13.9 Notices. All notices made or required hereunder shall be deemed
sufficiently given if made by first class mail or by personal delivery, air
express courier or by facsimile or electronic transmission and confirmed by
first class mail, properly addressed and sent to the recipient at its designated
address. All notices shall be deemed to have been sent on the date mailed or, if
by fax or electronic mail on the date faxed or sent, and to have been received
on the third business day thereafter in the case of mail or when actually
received in the case of fax or electronic mail (subject to telephonic
confirmation of receipt). For purposes hereof, the designated addresses and
numbers of the Parties shall be the following addresses and numbers or, with
respect to either Party, such other address as such Party may at any time
designate in a notice given in accordance with this section for these purposes:
TO HISPANIOLA VENTURES, LLC:
Xxxx X. Xxxxxx, Xx.
0000 XX 00xx Xxxxxx, Xxx X000
Xxxxx, Xxxxxxx
E-Mail: xxxxxxx@xxx.xxx
TO MEI:
Office #: 000-000-0000
Fax #: 000-000-0000
E-mail: xxx@xxx-xxxxxxxxxxxxxxxxx.xxx
13.10 Disputes. In the event the Parties, using commercially reasonable
efforts, fail to amicably resolve within thirty (30) days any dispute arising
out of: (i) the interpretation of this Agreement, (ii) the execution, amendment
or termination of any Company contract with any person or entity, including any
sales Contract or Purchase Contract, involving a Company commitment reasonably
expected in the aggregate to exceed fifty thousand dollars ($50,000), unless
both Parties otherwise agree, such matter shall be resolved in accordance with
the following:
13.10.1 Each Party shall set forth their respective positions with regard
to the issue in dispute in writing and resolution of the issue shall be
determined by arbitration by a panel of three (3) arbitrators, certified by the
American Arbitration Association (AAA) one (1) of whom shall be appointed by
Xxxx X. Xxxxxx, Xx., one (1) by Xxxxx XXX and one (1) by the other two (2)

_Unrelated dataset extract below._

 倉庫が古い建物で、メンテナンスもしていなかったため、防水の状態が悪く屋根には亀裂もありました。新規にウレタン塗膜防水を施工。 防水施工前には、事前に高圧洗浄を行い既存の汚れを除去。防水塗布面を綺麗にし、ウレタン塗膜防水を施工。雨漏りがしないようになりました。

arbitrators. If the first two (2) arbitrators cannot agree on the appointment of
a third arbitrator, then such third arbitrator shall be appointed by the
Southeast Regional Director of the American Arbitration Association. The
arbitration shall be conducted in Miami Florida pursuant to the Commercial
Arbitration Rules of the American Arbitration Association. The Parties hereto
agree that the determination of the arbitrators will be final and binding.

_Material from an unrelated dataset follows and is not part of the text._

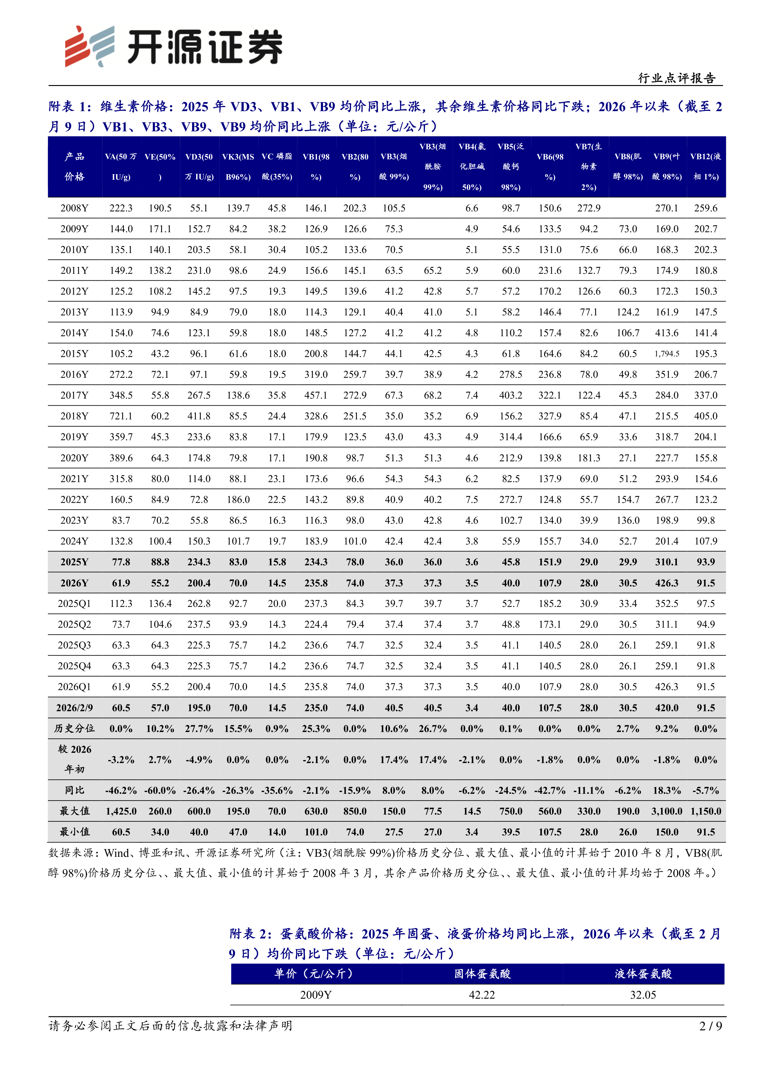 据百川盈孚数据,2024年维生素价格大幅上涨带动市场超买,提前消化2025年市场的部分需求,国内厂家出货不畅,国外市场产品的降价以及看跌情绪促使内销市场加压,部分企业产能的进一步释放将使得VE、VB6等产品竞争格局分散,头部企业的定价权有所削弱,2025Q4部分大品种厂家持续挺价+渠道商库存偏低+下游备货+出口需求增加等因素影响下,部分产品价格低位反弹。2月5日新和成饲料级VE50%出口报价上调15%,随后北沙制药VE出口报价同步上调至7.5美元/公斤,主流厂家对后市多持挺价态度。据Wind及博亚和讯数据,2月9日VA(50万IU/g)、VE(50%)、VD3(50万IU/g)、VK3(MSB96%)、VB3(烟酸99%)、VB5(泛酸钙98%)市场价格为60.5、57.0、195.0、70.0、40.5、40.0元/公斤,处于0.0%、10.2%、27.7%、15.5%、10.6%、0.1%的历史分位(2008年以来)。

Judgment upon the arbitrators' award may be entered in any court having
jurisdiction thereof. Xxxxxx and XXX shall each bear the costs of their
respective arbitrators and their related expenses, and the costs of the third
arbitrator and his related expenses, as well as all other costs of the
arbitration, shall be paid equally by Xxxxxx and MEI or as otherwise determined
by such arbitrators. During arbitration, the Parties shall continue to perform
their obligations under this Agreement with the exception of those under
arbitration.
IN WITNESS WHEREOF, the Parties hereto have caused this Agreement,
consisting of twelve (12) pages to be executed by their duly authorized and
empowered representatives on the day and year first above written, but effective
as of the Effective Date.
HISPANILOA VENTURES, LLC MARINE EXPLORATION INTERNATIONAL
____________________________ _____________ ____________ for MEI Inc.

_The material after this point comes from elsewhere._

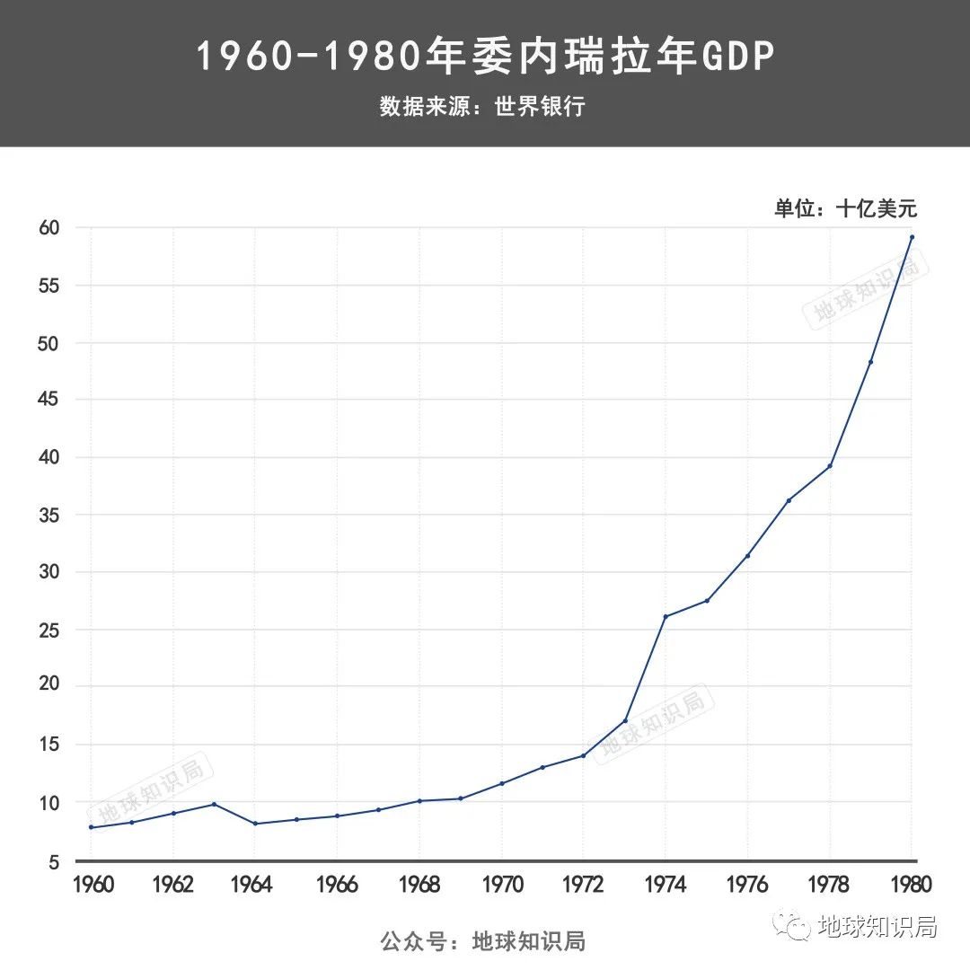 事实上也正是如此,历史上几次油价大涨的周期中,委内瑞拉都赚的盆满钵满。即使在1952-1958年的军人独裁、政局动荡时期,得益于高油价,委内瑞拉每年的GDP依然保持上涨。此时其生活水平比欧洲的多数国家都好,其人均GDP甚至位居世界第四。

By: Xxxx X. Xxxxxx, Xx. By: Xxx Xxxxxxxx, Director
EXHIBIT - FUNDING REQUIREMENTS
OPERATION MYSTERY GALLEON - Funding for the project is estimated at $900,000.00
OPERATION ABROJOS - Funding for the project is estimated at $1,250,000.00
HISPANILOA VENTURES, LLC - $40,000.00 TOTAL - $23,500 to be wire transferred to
Escrow Agent within two (2) days of execution of this Agreement. The remaining
$16,500 to be wire transferred or deposited with Escrow Agent by March 15, 2007.
Xxxxxx Xxxxxxxx $35,000.00 TOTAL - $6,000.00 by March 10, 2007. $15,000.00
requested by May 15, 2007. Remaining balance paid no later than March 1,
2008.
Xxxxxxxxx & Xxxxxxx: $150,000.00 TOTAL. $10,000.00 by April 1, 2007. With
the remaining balance paid in equal amounts over the following five months.